February 20, 2019 . Bhavana Acharya

What

A multicap equity fund

 

Why

Performance pick-up over the past year. Among the few funds that are beating their benchmarks on a 1-year basis.

Among multicap funds today, UTI Equity holds a 1-year return of 3.8% at a time when most peers and the Nifty 500 TRI are sporting losses. This is a far cry from last February, when UTI Equity ranked in the bottom quartile on a 1-year basis, languishing below the Nifty 500 TRI.

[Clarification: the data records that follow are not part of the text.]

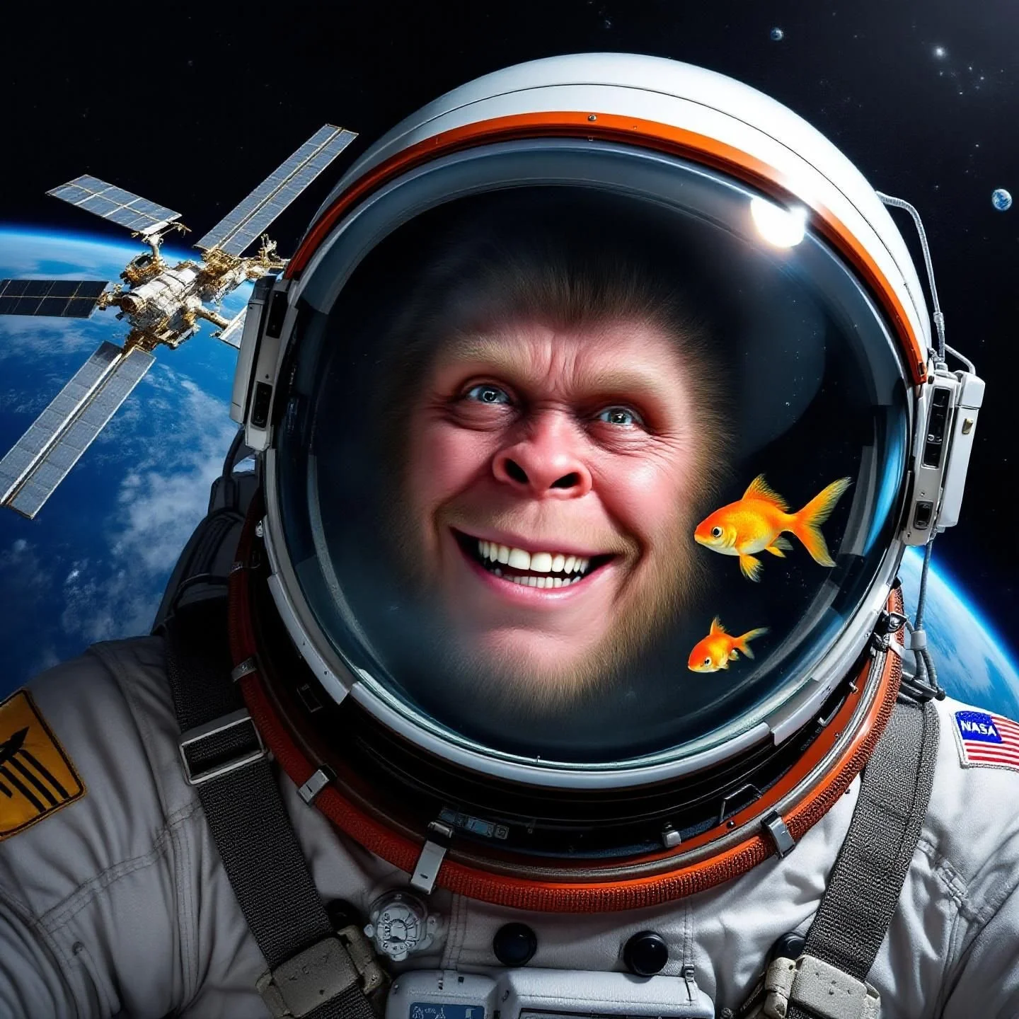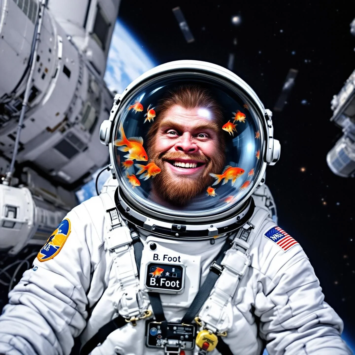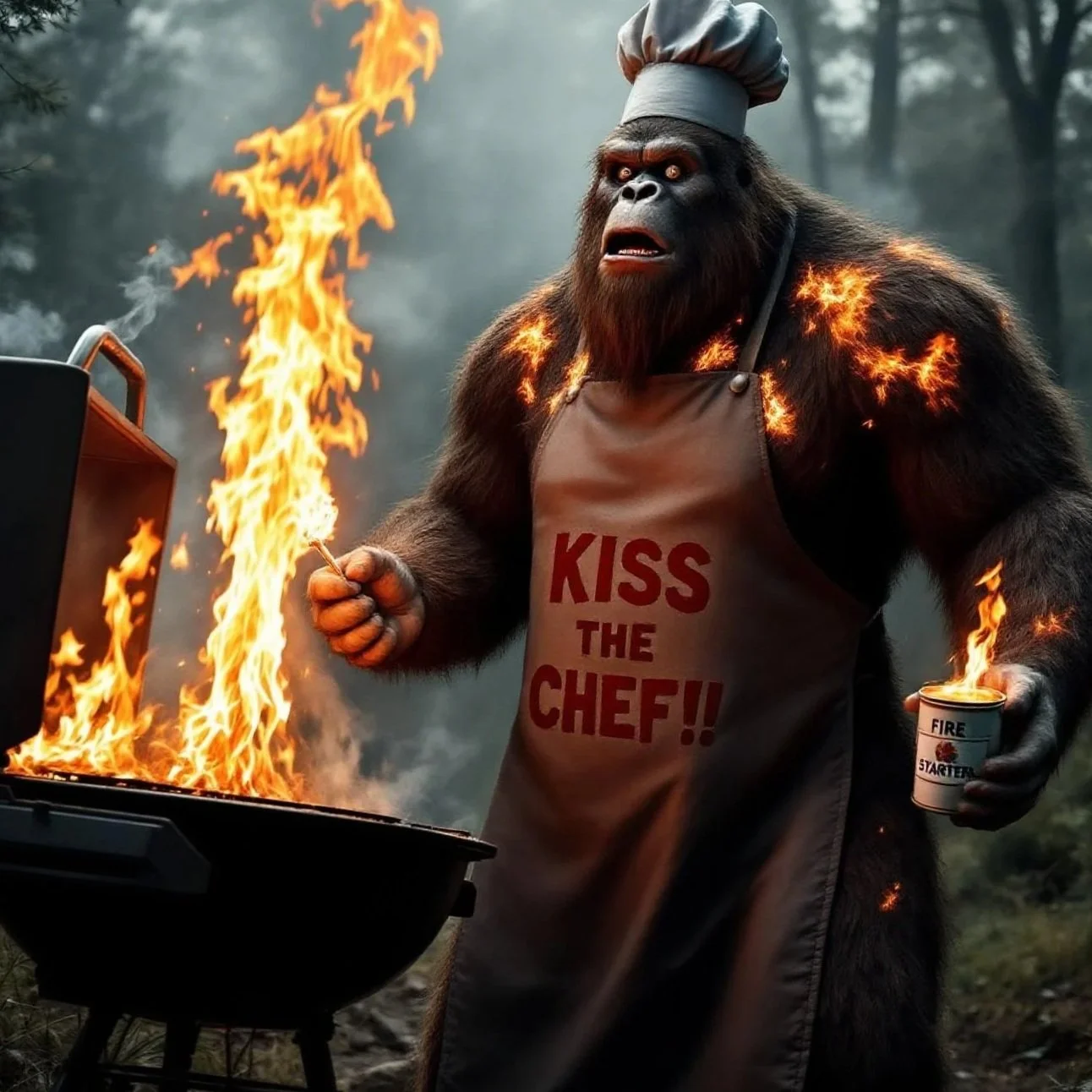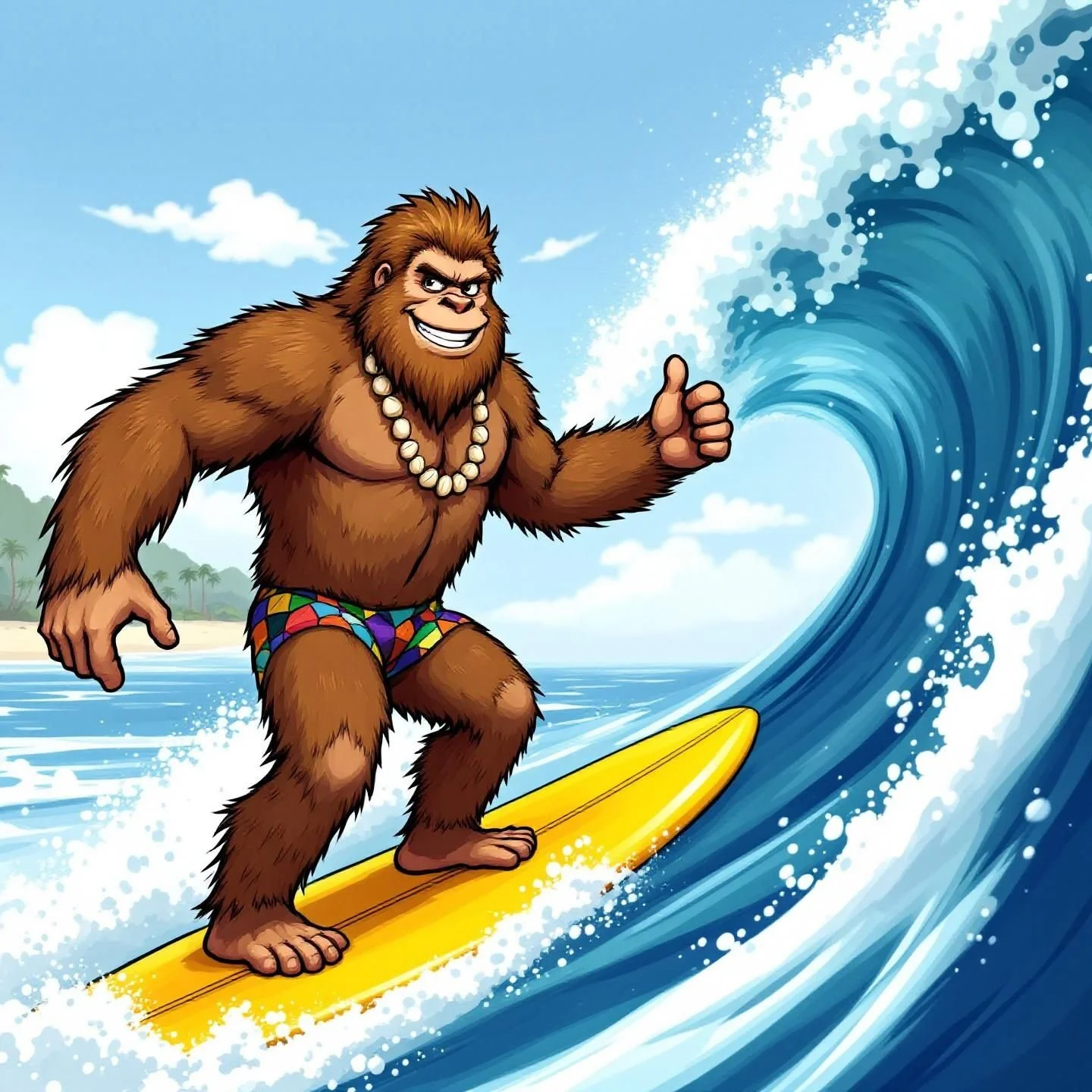 A cartoon Bigfoot wearing colorful shorts and a shell necklace surfing on a yellow surfboard on the ocean waves with a beach and tropical trees in the background.
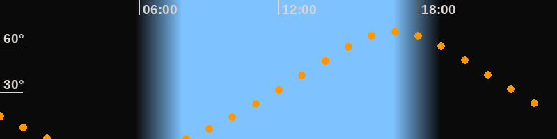 Höchster Stand (Kulmination)17:00 Uhr (h = 69,9°)
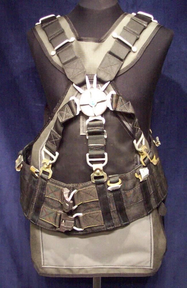 basically a harness with sturdy looking buckles and a wide belt with a moving metal concertina frame on the back. There is some webbing
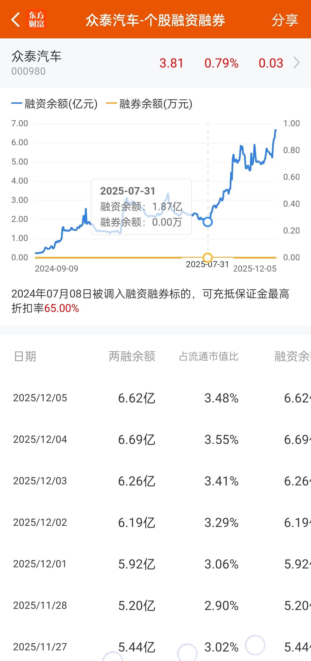 $众泰汽车(SZ000980)$ 现在怀疑融资从8月份1.9亿到现在的6.62亿增加的近五个亿是不是机构配合庄家故意拉升帮十大银行拉升股价化债,半辆车都造不出来,还复工复产真是天大笑话,把股民当傻必,当初深商抵押股权给九台拿到重整资金也是瞒报,不然股价在9.94甚至8块我也全卖了……现在又来悬牛头卖狗肉
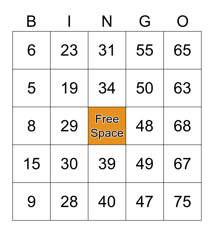 This bingo card has a free space and 75 words: 1, 16, 31, 46, 61, 2, 17, 32, 47, 62, 3, 18, 48, 63, 4, 19, 33, 49, 64, 5, 20, 34, 50, 65, 6, 21, 35, 51, 66, 7, 22, 36, 52, 67, 8, 23, 37, 53, 68, 9, 24, 38, 54, 69, 10, 25, 39, 55, 70, 11, 26, 40, 56, 71, 12, 27, 41, 57, 72, 13, 28, 42, 58, 73, 14, 29, 43, 59, 74, 15, 30, 44, 60, 75 and 45.

Profit booking and exiting underperformers, as well as staying away from the more beaten-down sectors, helped performance. However, the fund’s long stretch of underperformance continues to subdue longer-term returns. The fund’s ability to maintain outperformance remains to be seen as well.

Changing strategy

UTI Equity is a multicap fund, under SEBI’s categorisation. The fund has maintained large-cap exposure at 61% of its portfolio over the past year, with 26% in midcap stocks. It aims at maintaining a large-cap allocation between 60-70%. To this extent, the fund is more aggressive than other multicap funds such as Franklin India Equity, Kotak Standard Multicap, or Mirae Asset India Equity.

Earlier, the fund followed a value-based strategy. Sectors such as cement, construction, power, telecom, mining, and petroleum formed a large portion of the portfolio. In 2016, post a fund-manager change, stock picking strategy changed to a growth-based one. It placed higher importance on track record in and ability to sustain cash flow generation, higher return on capital and equity, higher earnings growth and visibility over the long term, stable management, higher quality, and so on.

This saw it pull out of several cyclical stocks and sectors which had until then been a part of the portfolio, but which didn’t meet its criteria. Instead, it moved into high-growth, high-valuation stocks. UTI Equity’s December portfolio sports an ROE of 20.7% and a PE ratio of 38.2 times against the Nifty 200’s (benchmark) 18.5% and 27.3 times.

Value strategy and most cyclical sectors/stocks have borne the brunt of the market correction that began in 2018. Various consumption and high-quality stocks held up, as did defensive software and some pharma stocks. UTI Equity’s timed move out of underperformers and into the high growth and defensives over 2016 and 2017 helped it recover over the past year.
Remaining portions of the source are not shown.